### [Assigned task]
Copy word for word the lines of the records below, beginning at the one with "幾何学模様 箔 茶紫 全通 正絹" and finishing at the one with "Похожие обои на", ends included, but none of the pictures.

### [Exercise materials]
========================

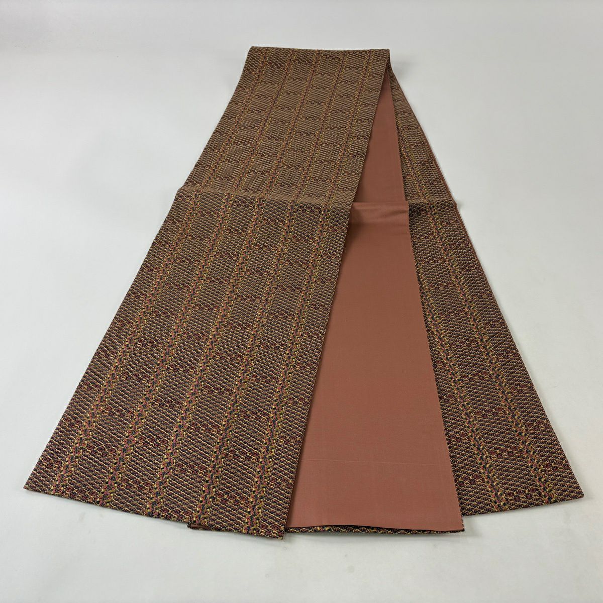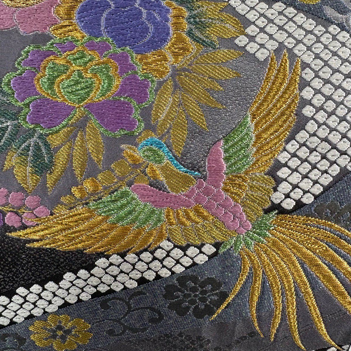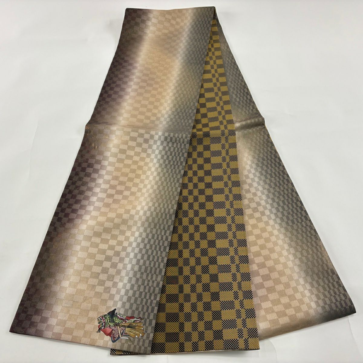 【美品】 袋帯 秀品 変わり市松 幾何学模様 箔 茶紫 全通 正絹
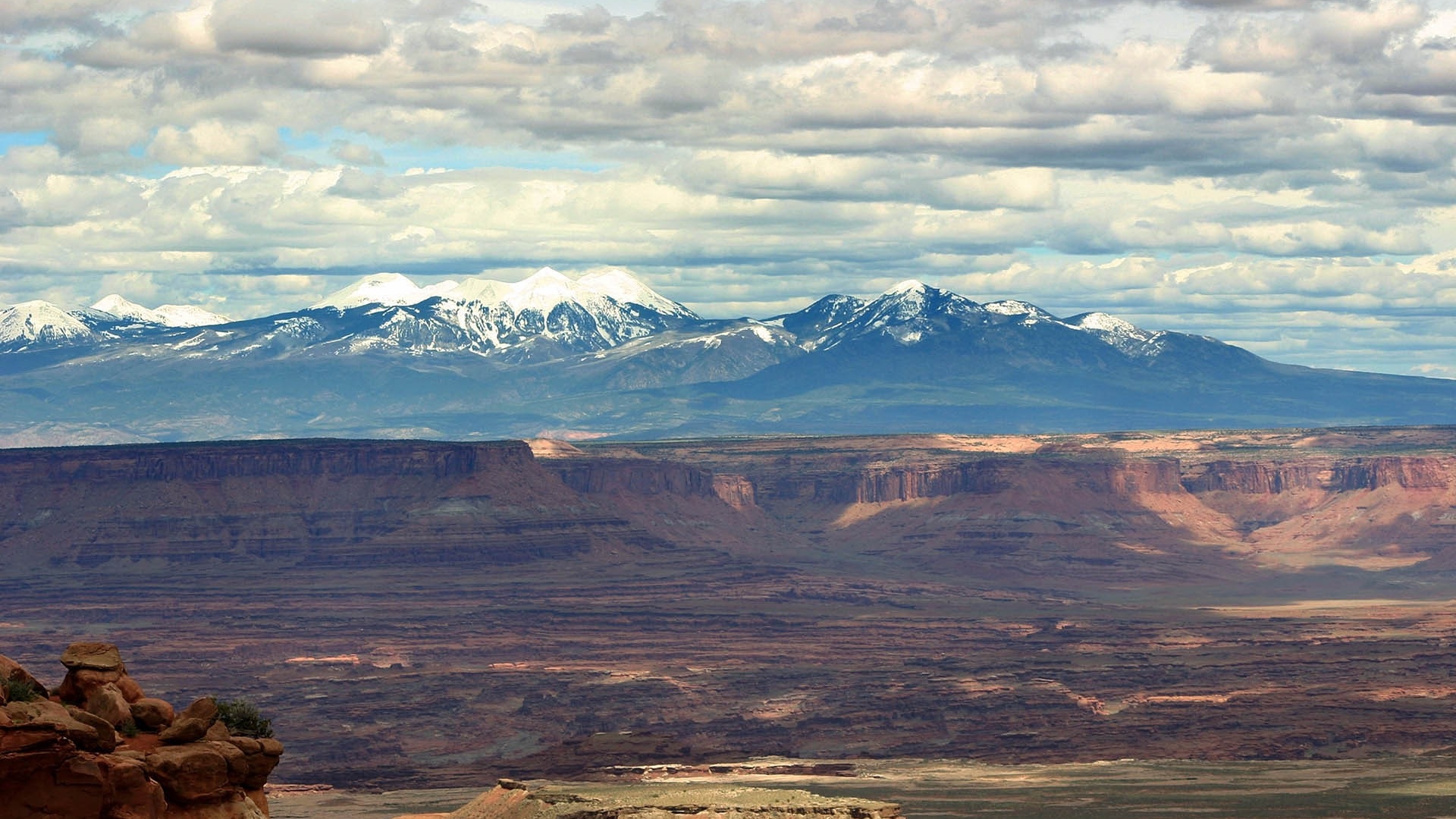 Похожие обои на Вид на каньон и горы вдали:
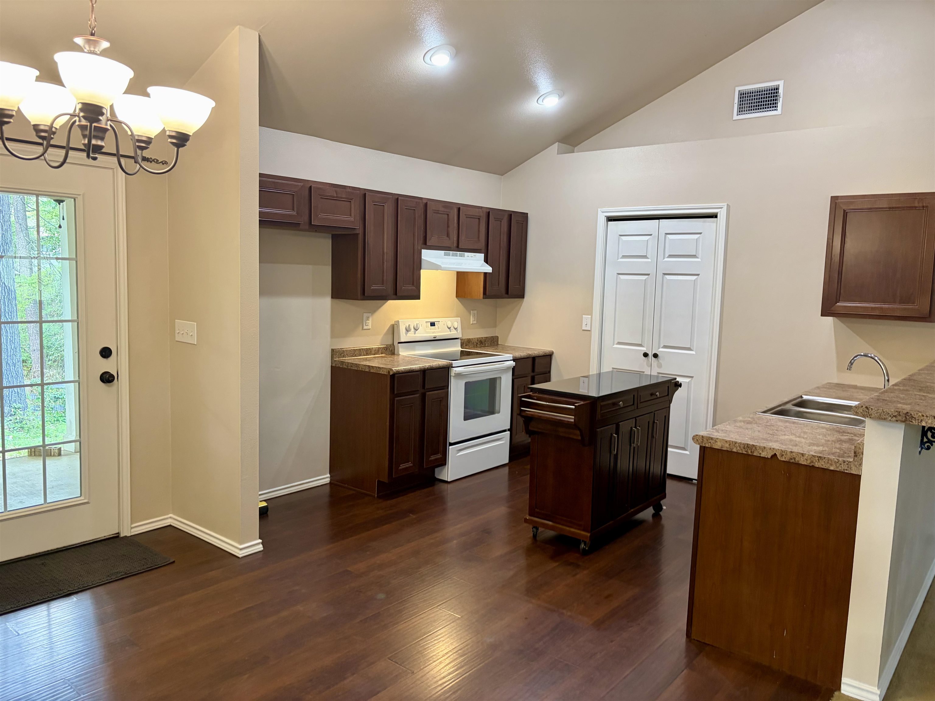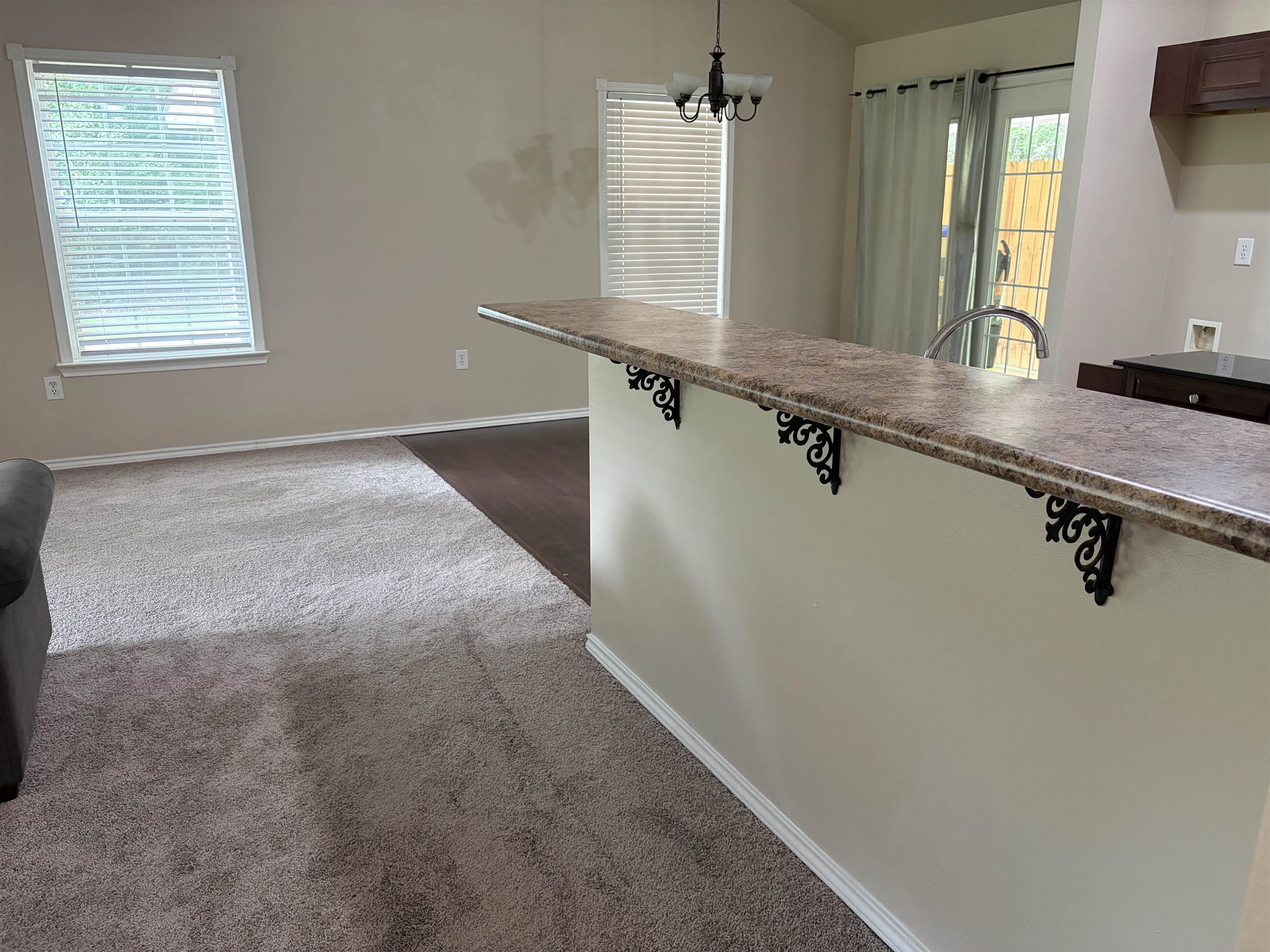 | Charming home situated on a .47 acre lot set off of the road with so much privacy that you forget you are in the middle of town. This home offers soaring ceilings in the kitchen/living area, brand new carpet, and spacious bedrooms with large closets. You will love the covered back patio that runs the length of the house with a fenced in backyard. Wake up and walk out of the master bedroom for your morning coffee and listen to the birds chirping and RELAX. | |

========================

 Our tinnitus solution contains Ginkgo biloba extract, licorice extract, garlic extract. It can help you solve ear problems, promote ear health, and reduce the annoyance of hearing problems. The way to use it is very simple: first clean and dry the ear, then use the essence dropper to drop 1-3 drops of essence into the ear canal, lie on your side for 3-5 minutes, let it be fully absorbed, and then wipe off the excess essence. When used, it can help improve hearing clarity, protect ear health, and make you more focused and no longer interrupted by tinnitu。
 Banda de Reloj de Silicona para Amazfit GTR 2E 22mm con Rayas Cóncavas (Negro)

========================

### [Your solution]
 【美品】 袋帯 秀品 変わり市松 幾何学模様 箔 茶紫 全通 正絹
 Похожие обои на Вид на каньон и горы вдали:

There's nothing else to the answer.